Я снова разглядываю Колесницу: две яростные лошади несут мужчину навстречу его судьбе. Чем дольше я вглядываюсь в карту, тем более странное чувство меня охватывает. Как будто я должна что-то вспомнить – то, что хотела записать в дневник, а потом забыла. Если дежавю – это ощущение того, что ты когда-то переживал этот момент, то сейчас у меня нечто вроде двойного дежавю. Как будто именно эта Колесница выпадала мне много раз и будет выпадать в дальнейшем.
– А о чем ты еще хотела мне сказать?
– О том, что тот мужчина, который следил за мной, вернулся.
– Вернулся? Куда?
– Сюда. Он сейчас здесь, в автобусе.
Я оглядываюсь. В автобусе много мужчин.
– Который из них?
– У заднего выхода. В серой рубашке.
Я включаю на телефоне портретный режим, и мы делаем вид, что снимаем селфи. Я верчу телефон над головой, как будто пытаясь выбрать ракурс получше, но на самом деле рассматриваю заднюю часть автобуса. Нажав на кнопку, я делаю несколько снимков.

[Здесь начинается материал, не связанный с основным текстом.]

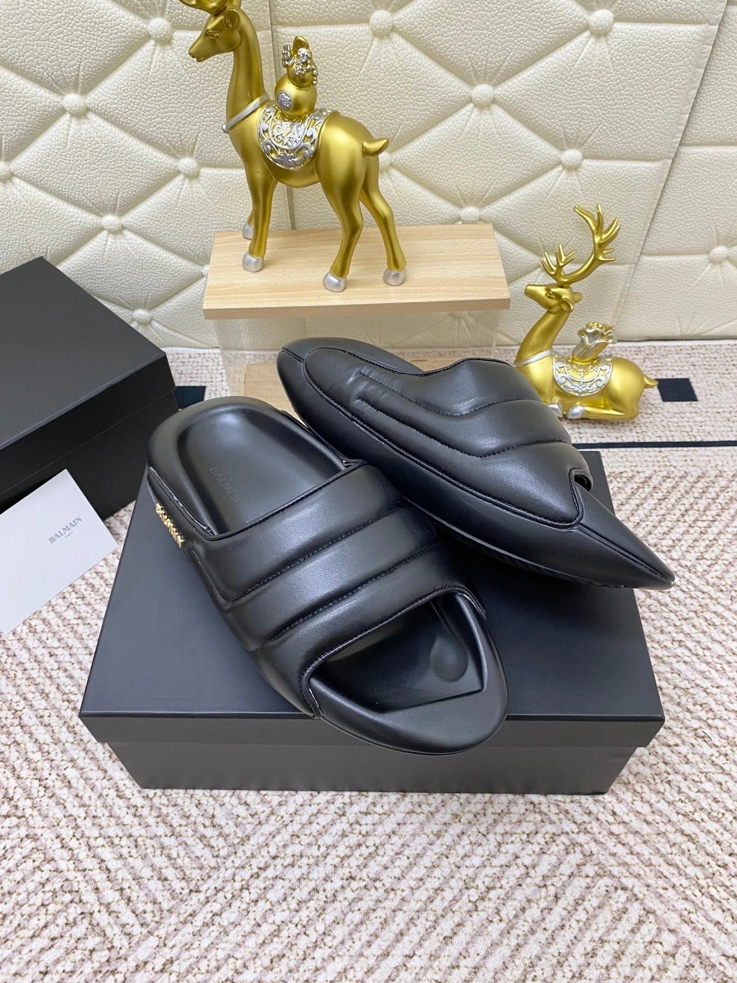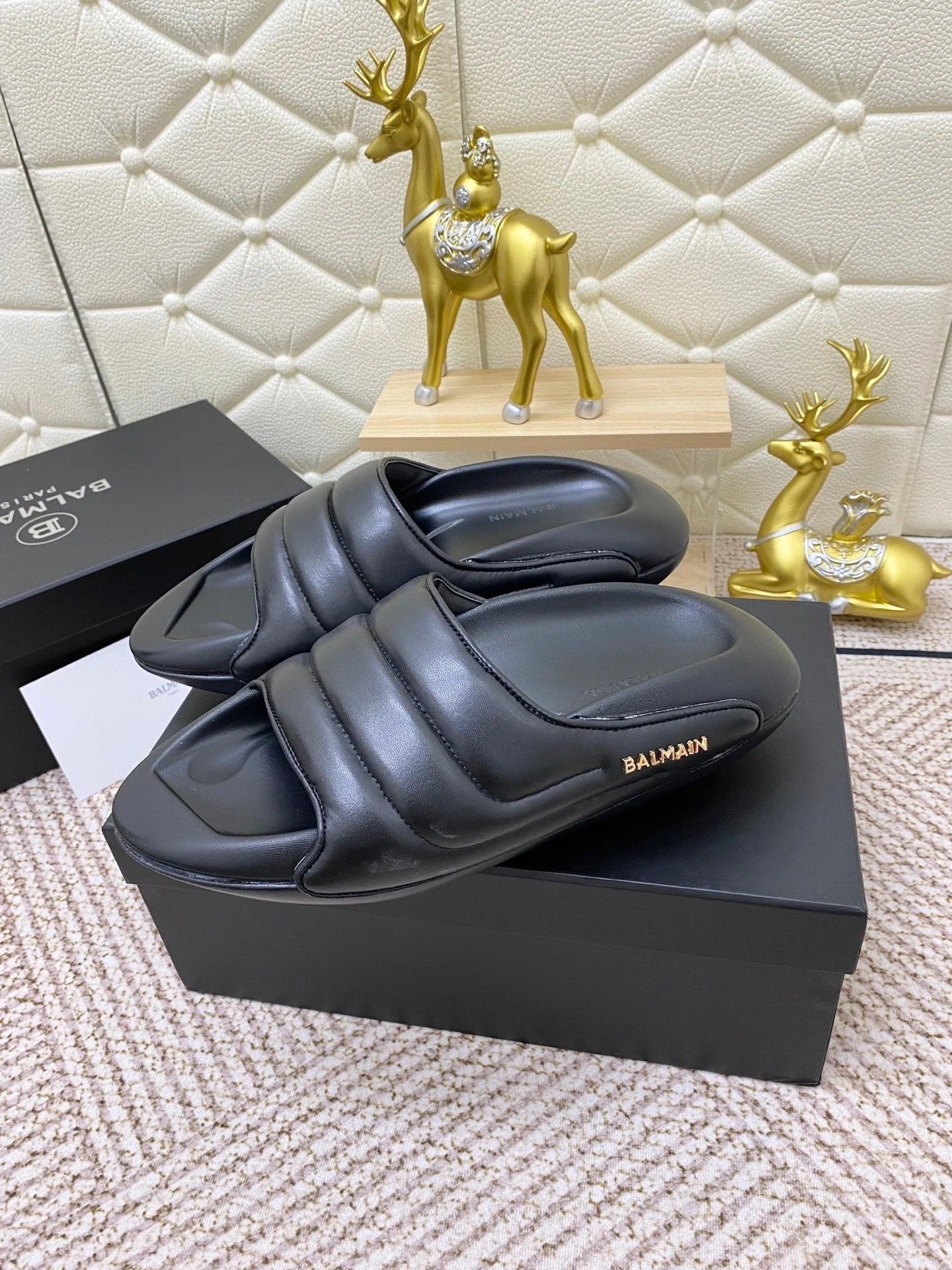 BALMAIN 25S BALMAIN MULES IN BLACK FULL CALFSKIN

– Вроде бы неплохо получились, – говорю я громко и начинаю пролистывать галерею.
Вот он. Ненамного старше нас, одет, как будто собирается провести весь день в офисе отца, помогая ему с работой. Серая фланелевая рубашка, черные брюки. Темноватые волосы. Я увеличиваю изображение. Усталые, широко расставленные глаза, слегка выпяченные, как у лягушки, а верхняя губа настолько тонкая, что почти не видна.
– Так ты говоришь, ты видела его раньше? – спрашиваю я с некоторым сомнением, ведь возможно, что он просто ездит по тому же маршруту, что и Лили. – И что он следил за тобой?
– Да, – уверенно отвечает она. – Он всегда держится на расстоянии. Идет за мной, когда я хожу на музыку. Когда ты стала ездить со мной, он пропал, но сейчас снова появился.
Раздается позвякивание мелочи, и я перевожу взгляд на только что прибывшего водителя. Это крупный мужчина, и ему требуется некоторое время, чтобы прикрепить билетный автомат. Потом он роняет на пол ключи, нагибается, и наши взгляды пересекаются.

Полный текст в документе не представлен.